The distributions of the pseudorapidity \(\eta \) of the highest-\(p_T\) jet are shown in the right panel of Fig. 1. As can be seen, the most energetic jet is produced in the central region, \(|\eta | \lesssim 1,\) both for sphaleron and BH events. The \(\eta \) distributions are similar among all scenarios, though one can observe that the sphaleron and the \((M_{\textrm{min}}, n) = (8\,{{\textrm{TeV}}}, 4)\) BH have slightly narrower distributions, compared to the other BH scenarios.
The left panel of Fig. 2 shows the \(S_T\) distributions. As can be seen, the \(S_T\) distribution for sphalerons sharply peaks around 7.5 TeV. We observe that the \(S_T\) distribution for BH scenarios is sensitive to \(M_{\textrm{min}},\) but not to the number of extra dimensions, n. We see in the lower-left plot that the \(S_T\) distribution for the \((M_{\textrm{min}}, n) = (8\,{\textrm{TeV}}, 4)\) BH is similar to that for sphalerons. The distribution gets broader and shifts towards higher energies as the minimal BH mass increases. The \(S_T\) distribution peaks around 9.5 TeV for the \((M_{\textrm{min}}, n) = (12\,{\textrm{TeV}}, 4)\) BH scenario.
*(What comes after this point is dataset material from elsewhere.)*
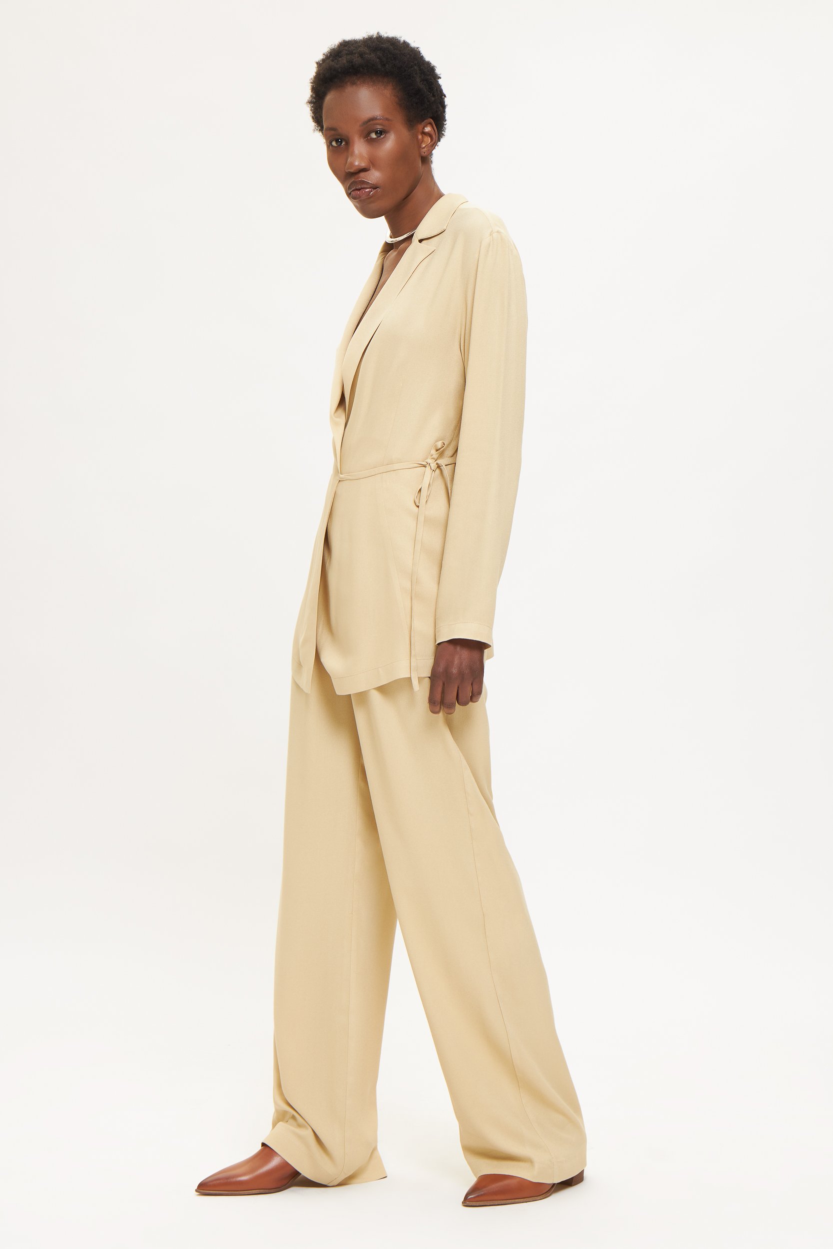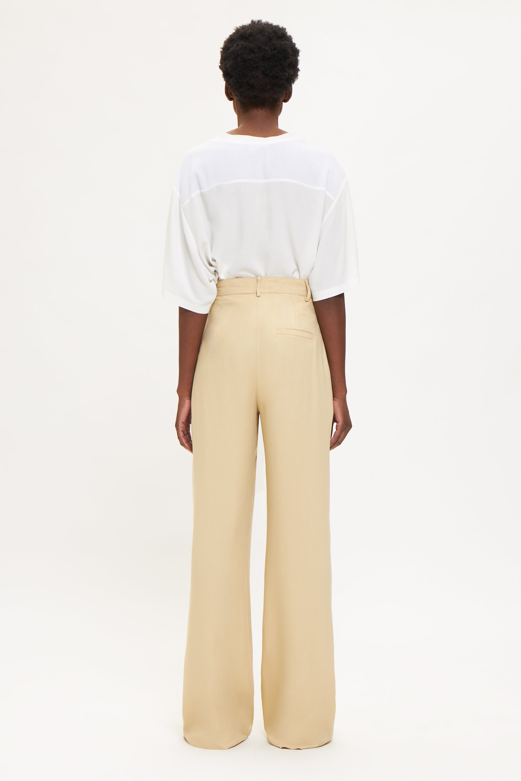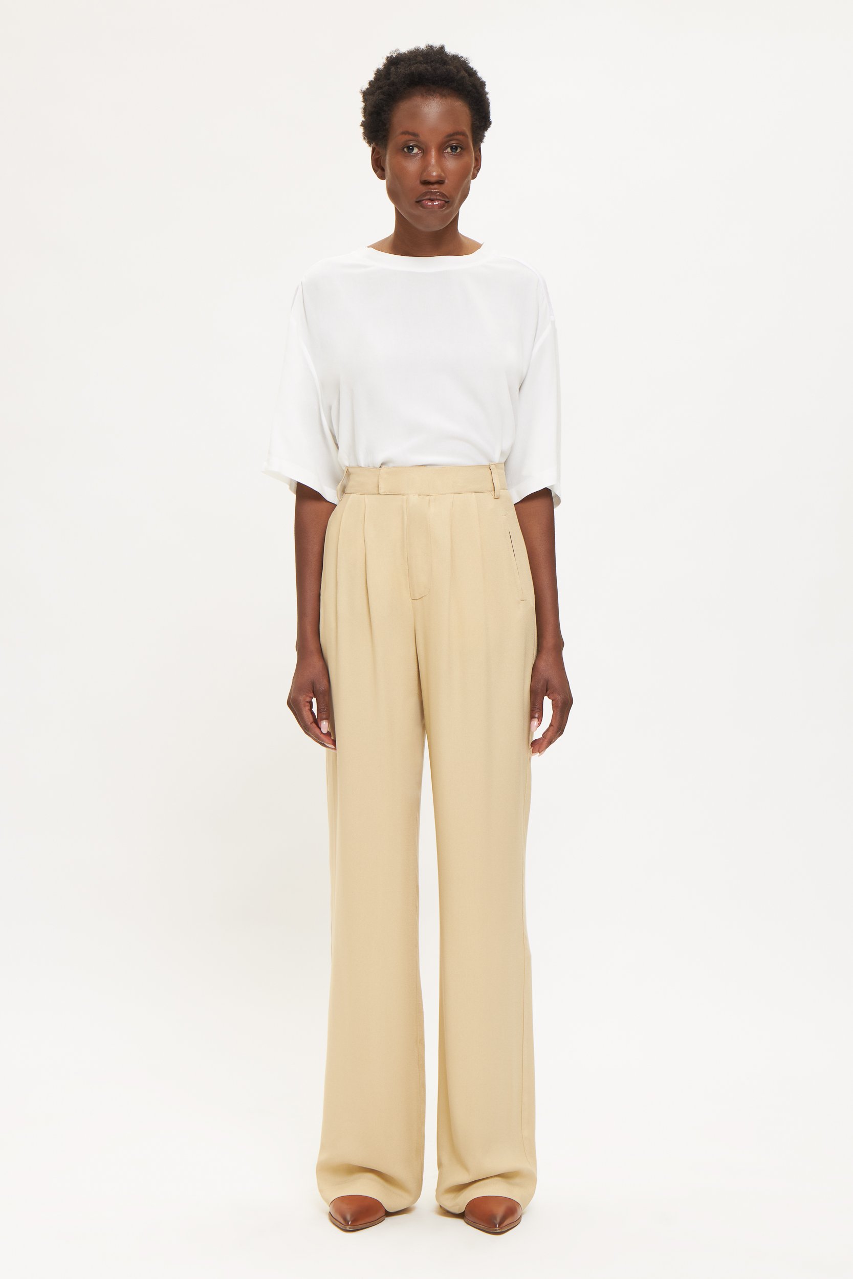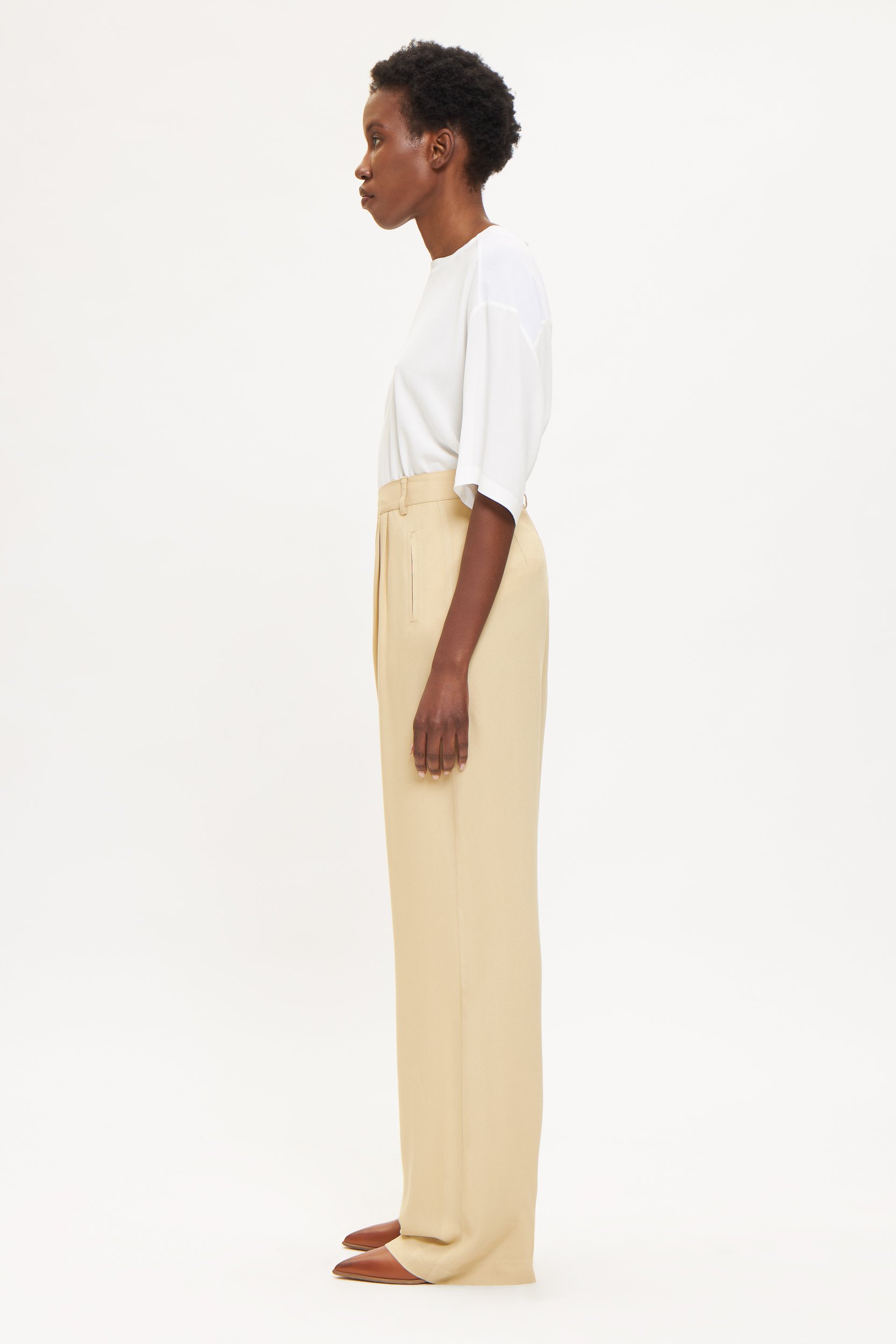 Αυτό το παντελόνι συνδυάζει άνεση και διακριτική κομψότητα. Κατασκευασμένο από βισκόζη, με κρυφές πιέτες μπροστά που προσφέρουν καθαρές γραμμές και ρευστή σιλουέτα. Η μέση εφαρμόζει με φερμουάρ και κουμπί, διαθέτει θηλιές για ζώνη και πρακτικές πλαϊνές τσέπες.

The right panel of Fig. 2 displays the charge asymmetry of signal muons, defined by the difference between the numbers of \(\mu ^+\) and \(\mu ^-\) in an event, divided by the total number of muons: \({\textrm{CA}}_\mu \equiv (N_{\mu ^+} - N_{\mu ^-})/(N_{\mu ^+} + N_{\mu ^-}).\) If the event contains no signal muons, we set \({\textrm{CA}}_\mu = 0.\) We see in the plots that there is a large excess of \(\mu ^+\) in sphaleron events: sphaleron events have \({\textrm{CA}}_\mu = 0\) or 1 with \(\sim 50\)% chance. This asymmetry is expected because in the quark-quark initial state, the sphaleron vertex involves exactly one anti-muon or exactly one anti-muon-neutrino. Extra (anti-)muons may arise from decays of anti-top-quark or heavy hadrons. Contrary to the sphaleron case, the majority \((\sim 90\%)\) of BH events have zero muon charge asymmetry. This is expected because semi-classical BH decays are essentially a thermal process. In the plots, we however observe a small excess for \(\mu ^+\) in all BH samples. This is a consequence of the charge conservation of BH decays and the proton contains more up-quarks than down-quarks, especially in a large-x region of the parton distribution function. Although the muon charge asymmetry has different distributions between BH and EW sphaleron events, it is not the best discrimination variable, particularly when the available data size is small, as the majority of events have \({\textrm{CA}}_\mu = 0.\)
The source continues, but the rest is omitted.